Santa Barbara

Tom Wudl

Center of Creative Studies

Tom Wudl’s paintings continue to be anomalies, even in a town full of anomalous, isolated artists. His work of the last year or so, minus one large and obviously significant painting, was shown recently. The absence of the big painting, a three-panel, gold-leaf extravaganza that seems to be a compendium of Wudl’s symbols, prevents the clearest possible understanding of the other pictures, just as the inclusion of two small gouache drawings—the latest work—complicates any prognostication.

All of Wudl’s mature work has been eccentric, both in imagery and its luxurious sensuality. His paper constructions of colored geometric shapes collaged to a perforated ground, often embellished with gold leaf, were memorable, partly because of their physical richness, and partly because they became more legible, almost stridently so, year by year. The evolution was from an essentially formal organization to a more anthropological, narrative one. The paintings shown here are a distillation of that move; they are overtly ideogrammatic.

The obsessiveness that previously compelled Wudl’s handicraft has been converted to a feeling of frenzied expressionism, a feeling at once less specific and more ambitious than the painstaking labor that characterized the earlier paintings.

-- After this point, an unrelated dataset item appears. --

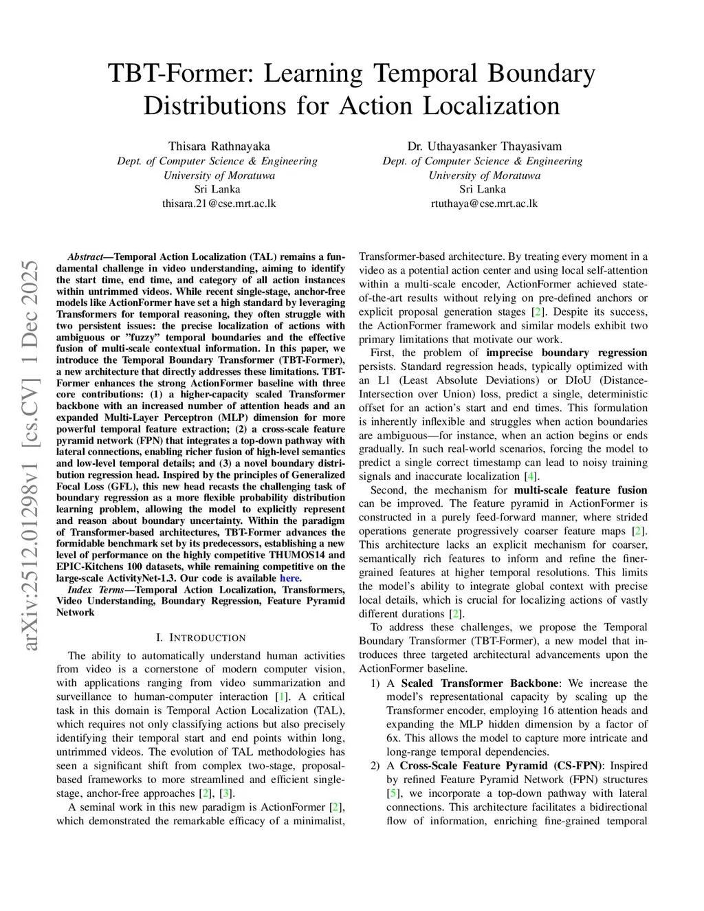 Temporal Action Localization (TAL) remains a fundamental challenge in video understanding, aiming to identify the start time, end time, and category of all action instances within untrimmed videos. While recent single-stage, anchor-free models like ActionFormer have set a high standard by leveraging Transformers for temporal reasoning, they often struggle with two persistent issues: the precise localization of actions with ambiguous or "fuzzy" temporal boundaries and the effective fusion of multi-scale contextual information. In this paper, we introduce the Temporal Boundary Transformer (TBT-Former), a new architecture that directly addresses these limitations. TBT-Former enhances the strong ActionFormer baseline with three core contributions: (1) a higher-capacity scaled Transformer backbone with an increased number of attention heads and an expanded Multi-Layer Perceptron (MLP) dimension for more powerful temporal feature extraction; (2) a cross-scale feature pyramid network (FPN) that integrates a top-down pathway with lateral connections, enabling richer fusion of high-level semantics and low-level temporal details; and (3) a novel boundary distribution regression head. Inspired by the principles of Generalized Focal Loss (GFL), this new head recasts the challenging task of boundary regression as a more flexible probability distribution learning problem, allowing the model to explicitly represent and reason about boundary uncertainty. Within the paradigm of Transformer-based architectures, TBT-Former advances the formidable benchmark set by its predecessors, establishing a new level of performance on the highly competitive THUMOS14 and EPIC-Kitchens 100 datasets, while remaining competitive on the large-scale ActivityNet-1.3. Our code is available atthis https URL

The physical animation of the perforations, the translucent-opaque duality, has a counterpart here in Wudl’s disturbing imagery and his penchant for opposing one part of a painting to another part, usually in a top/bottom, left/right composition.

All the paintings and the two drawings share at least one image—a stylized Rorschach blot, its center jaggedly fractured and separated as if by a bolt of lightning, its perimeters a tangle of curved tentacles. This agitated creature-condition symbol is introduced in red on a small, gold-leaf-ground painting and hung to the immediate left on entering the gallery, evidently to indicate its function as a key for what follows. For instance, one untitled horizontal painting suggests, by its composition and its installation, that the blot form should be read as a sort of torso. It looks like an abstraction from a cross-section of our internal organs, a reading confirmed by another painting, a vertical one, which makes similar use of the form as torso while adding a rainbow-hued ellipse with a gold band through it on its top half—a sign of cranial intelligence?

His two latest drawings include realistically drawn things, a kitten in one, a portrait of the artist’s face in the other, in tandem with a more patently symbolical half: the kitten is juxtaposed with the blot afire, the face with the blot as torso again.

But, as in the work of someone like Alfred Jensen, the significance of Wudl’s paintings supersedes their iconography. The meaning of his symbols is of less interest than his decision to use them.